Cover of What the Wind Told by Betty Boegehold.

One of my favorite books of all time came into my life on a Halloween night. A neighbor lady worked at Scholastics and gave out candy and books to trick-or-treaters. I was the last kid to come to her house one year so I was the lucky recipient of half a crystal punch bowl of candy and a stack of books. A jackpot of massive proportions to someone who could still count their age and not use all their fingers to do so. One of the books in my acquisition was titled What the Wind Told.

The story of the Old Woman’s Window.

Published in 1974 and written by Betty Boegehold, this book tells the story of Tossy, a little girl who is homesick and bored out of her mind. She eventually asks the Wind to tell her stories about the windows across the way to help her pass the time. The Wind tells Tossy stories of a woman whose kitchen floor turns into a pond during the day, a family of plants who keep their children on the window sill, and a dog who sits typing names for things all day long.

The story of the Old Dog’s Window.

What the Wind Told opened my child-mind to the idea that each window contains a story. I wanted to learn those stories. To this day, I enjoy touring other’s homes and looking at their houses as I walk down the street. Each window tells a story about the people who live there. The widower who hasn’t changed anything in the living room since his wife died. The family of 6 who lives in a 2-bedroom house. Bunk beds stacked in one bedroom with sheets in the windows for curtains. The retired neighbor who loves to sit on his 3-season porch and wave at passers-by. The immigrant family who purchased their first home and is chasing their American Dream.

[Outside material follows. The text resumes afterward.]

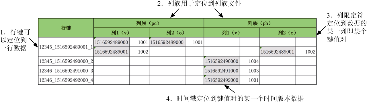 HBase的逻辑模型其实跟关系型数据库类似,但是HBase会保存多个版本的数据,默认情况下会读取数据的最新版本,你也可以指定版本或者时间区间来读取一个历史的数据版本。

Drool and Gool hiding in the middle of their apartment, terrified.

More than 30 years later this book still inspires my imagination. A home a few doors down from where I live has captivated me for years. It reminds me of the Scary window described by the Wind. The windows are dark and the curtains are always drawn. I never see anyone come and go from the house. There is no car in the driveway or garage. There are never any tire tracks in the snow come winter and the sidewalk is never shoveled. Sometimes I see a cat in the window, staring back in boredom. There are decorations by the door and someone does live there, but there is no evidence of this other than the bored window cat and dumpster and recycling found weekly at the curb. Every time I walk by this house, I imagine that Drool and Gool are hunkered down in a pile of furniture in the living room, hoping no one calls or knocks.

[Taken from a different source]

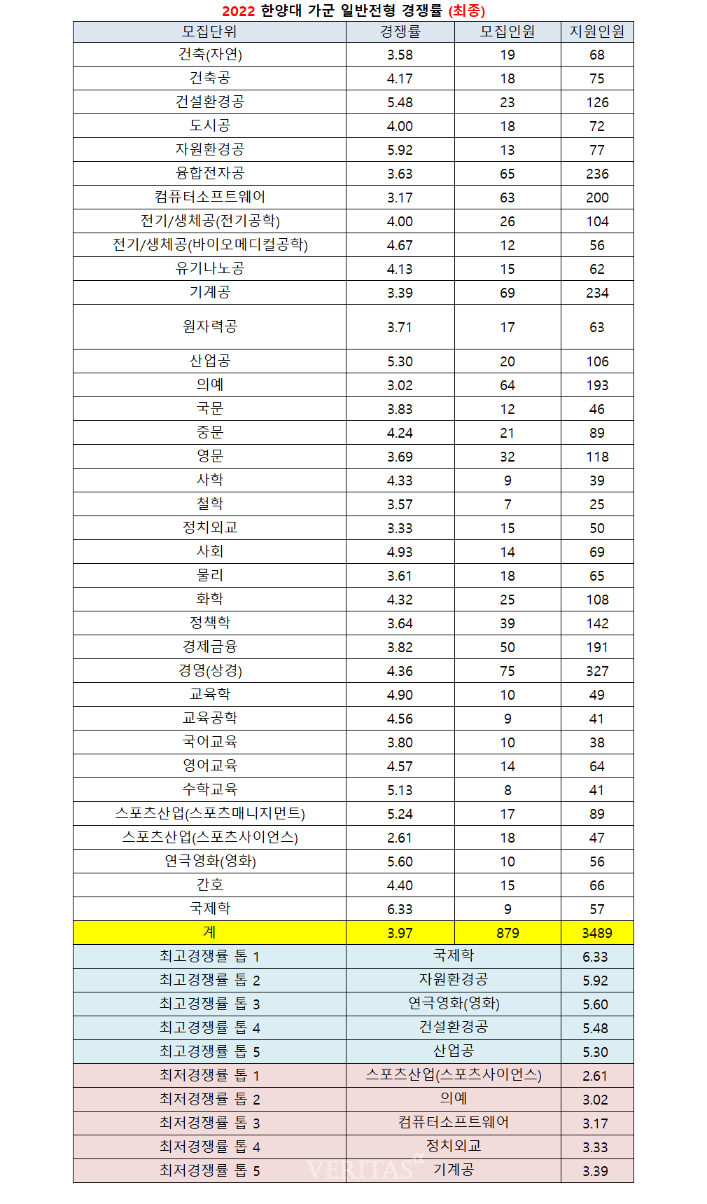 3일 오후6시 2022정시 원서접수를 마감한 한양대는 연극연출/연기가 10일, 성악/피아노가 17일 1단계 합격자를 발표한다. 예능계열 실기고사는 15일부터 20일까지 진행되며, 체능계열 실기고사는 27일로 예정돼 있다. 최초 합격자 발표는 가군이 21일, 나군이 2월8일이다. 합격자 등록기간은 2월9일부터 11일까지며, 추가 합격자 발표는 2월14일부터 2월20일 오후9시까지 진행된다.

Unfortunately, What the Wind Told is out of print and copies of it are very expensive. I am so thankful for the neighbor who gave me this book when I was a child. It sparked my imagination and taught me that windows are glimpses into others’ lives. The stories our windows tell about us are beautiful and incomplete. A glance at the private lives contained in our homes and hearts.

 

PLEASE NOTE:  All photos used in this blog were taken from my copy of What the Wind Told and are not my personal work or of my creative labor. They were used in this blog to help communicate the essence of the book and provide an illustration of the stories the author was telling.

A VERY SPECIAL THANK YOU to Alvina Jaegers for the Halloween candy and books. Your house was my favorite to visit on Halloween night.